REAPER, HUMBERSTONE GATE

With the passing of the 1830 Beer Act – and its subsequent amendments – what can be described as a proliferation of beer houses, sometimes known as beer shops, sprung up all over Leicester. With it came the ‘informers’. A modern police force in the borough had not yet materialised: it would not be formed until 1836 and even then it was a small scale operation.  This vacuum was a perfect opportunity for the informers to charge and bring before the courts lawbreaking of all kinds. Their living came from the court fines and expenses granted by the courts.  Moses Pegg was the most industrious of these informers. 

The new beer houses that had sprung up was fertile ground for Moses Pegg, indeed without the cases recorded at local sessions many of these beer houses would never come to light. One of these was the Reaper in Humberstone Gate.

In September 1834, Joseph Whitworth was keeper of this new beer shop and was brought before the courts. Moses Pegg deposed that walking up Humberstone Gate he saw a woman approach the Reaper door after official closing time.  She knocked on the door, was let in, and five minutes later reappeared with a jug of ale under her apron. The woman disputed this claiming she had purchased some tripe.
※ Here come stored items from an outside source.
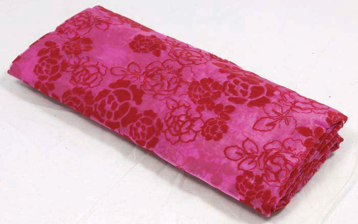 A pre-cut piece of pink organza fabric with a red floral print. Each piece measures 150 x 250cm and is supplied in a neat bundle. This decorative fabric is great for all sorts of display work, such as a table cover.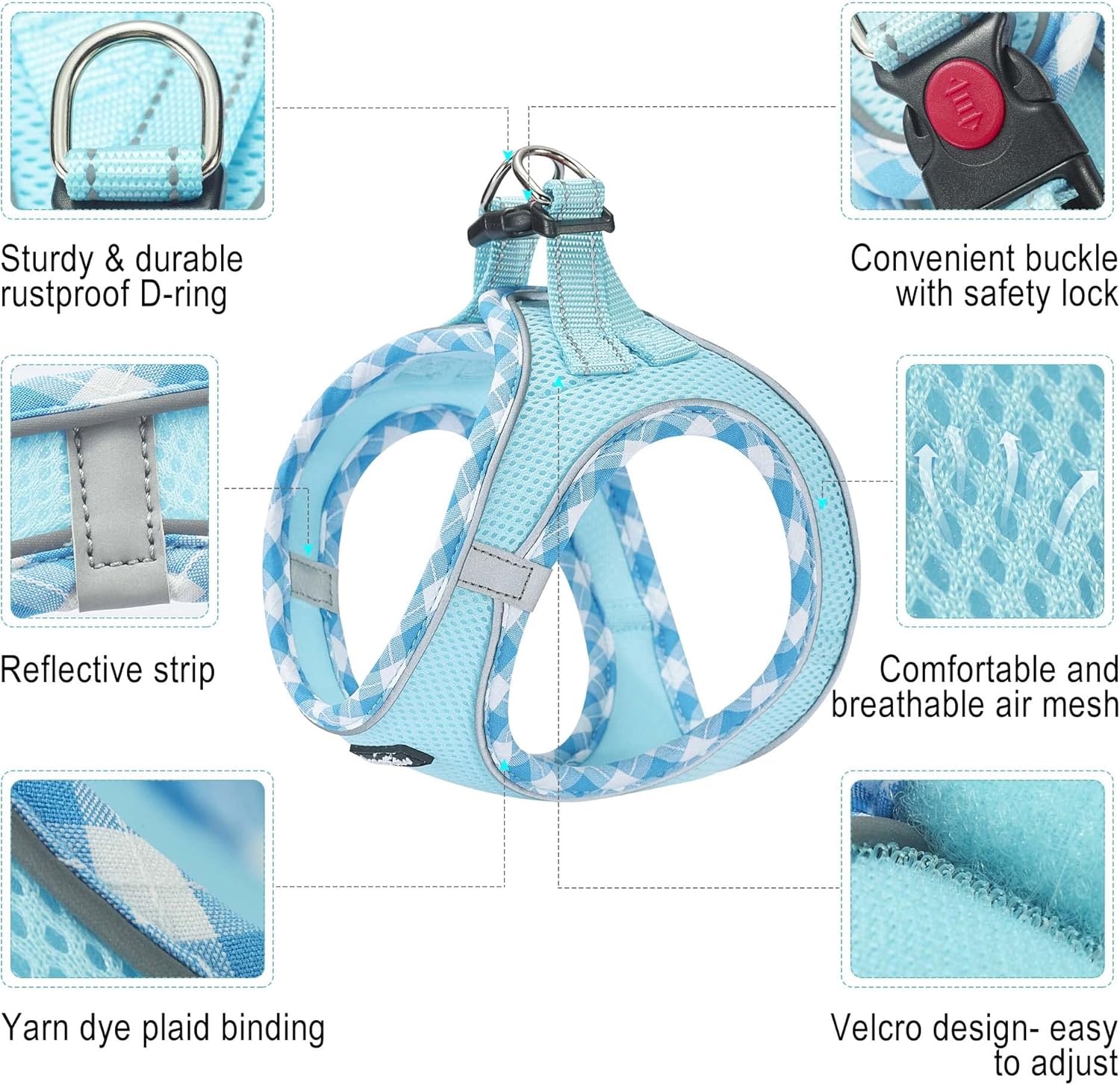 - 【 AIR MESH 】- Dog harness is made of durable thickened air mesh that featured with breathable, lightweight, comfortable, and quick-dry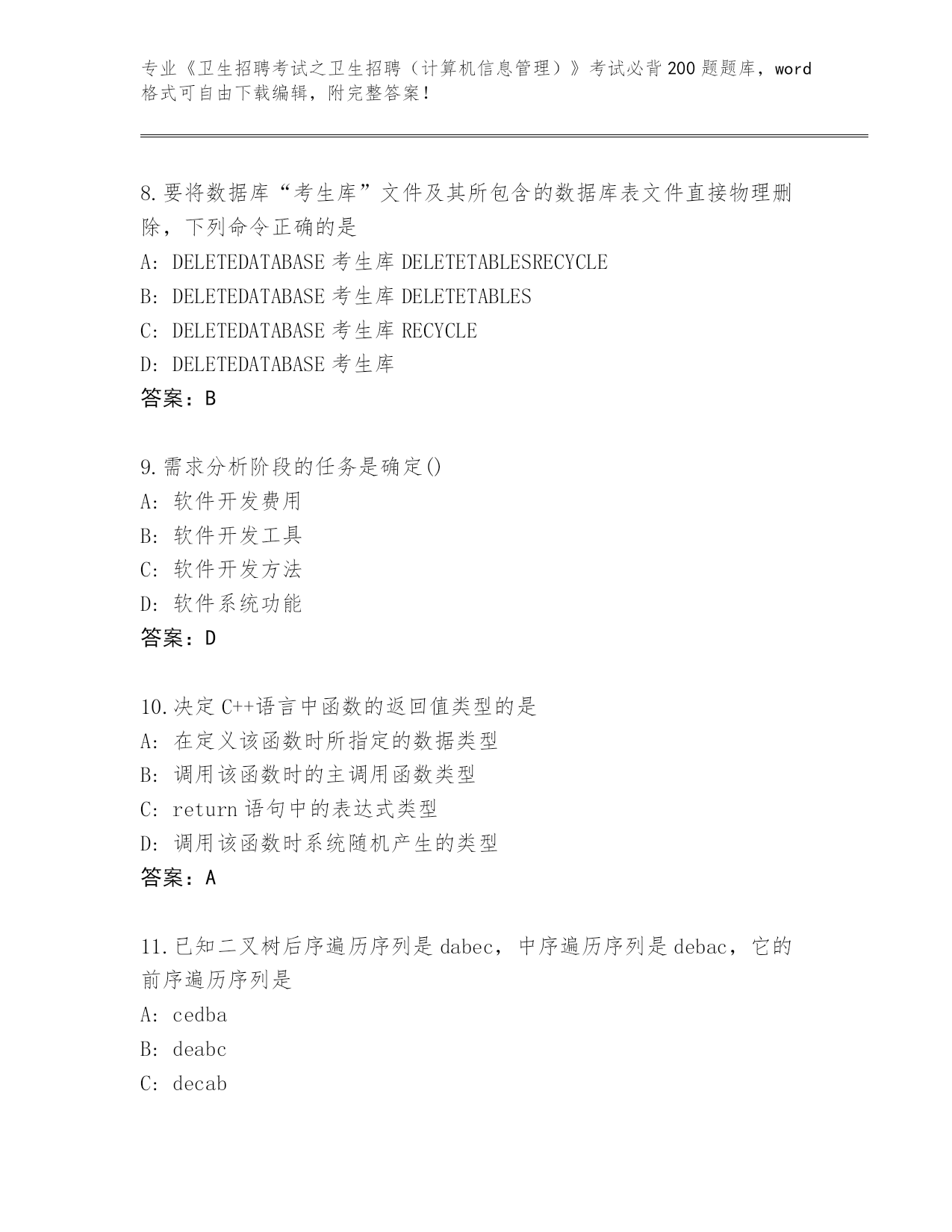 河北省《卫生招聘考试之卫生招聘(计算机信息管理)》考试必背200题题库带答案(研优卷)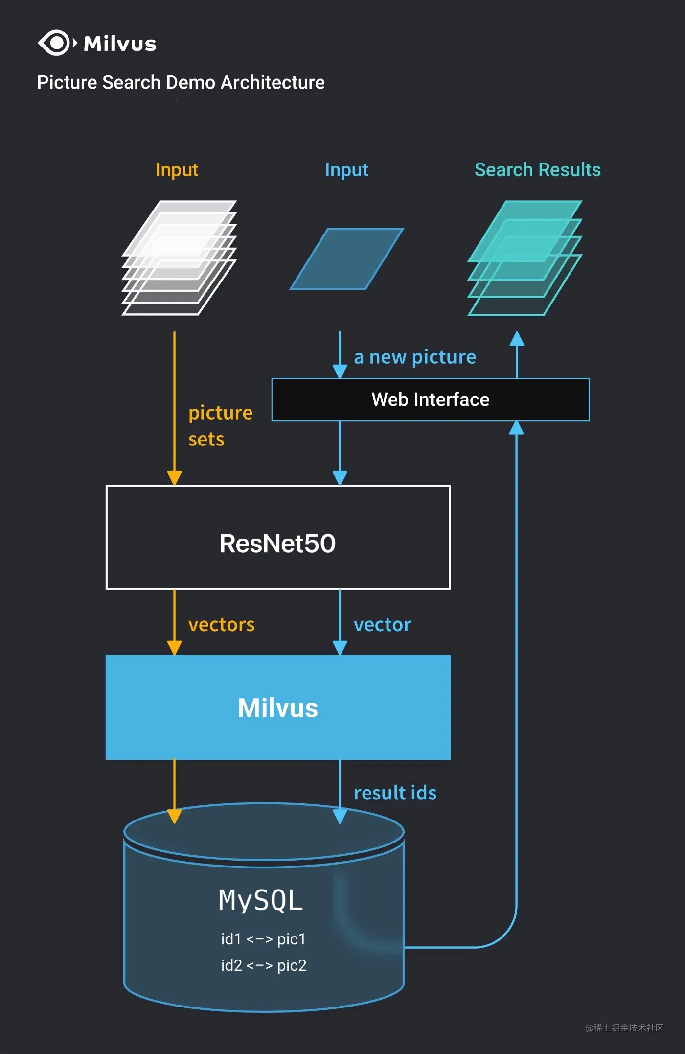 数据处理流程部分可以结合开源框架 towhee ,它利用像 ResNet-50 这样的预训练 CNN 模型,从图像中提取表征向量,再基于 Milvus 存储和索引这些向量,并将图像 ID 映射到 MySQL 数据库中的实际图片。Milvus 构建完索引后,可以轻松根据上传的新图像,进行大规模图像搜索。

Pegg was often was accompanied by a witness (whom he paid), to corroborate his story.  This time it was a man named Arms.

Joseph or John Arms (nick named ‘Barky Jack’), was one of Pegg’s witnesses who would do anything to earn some money The magistrates however, in this case were told that Arms had previously been convicted of giving false information, so the case against Joseph Whitworth, landlord of the Reaper, was dismissed.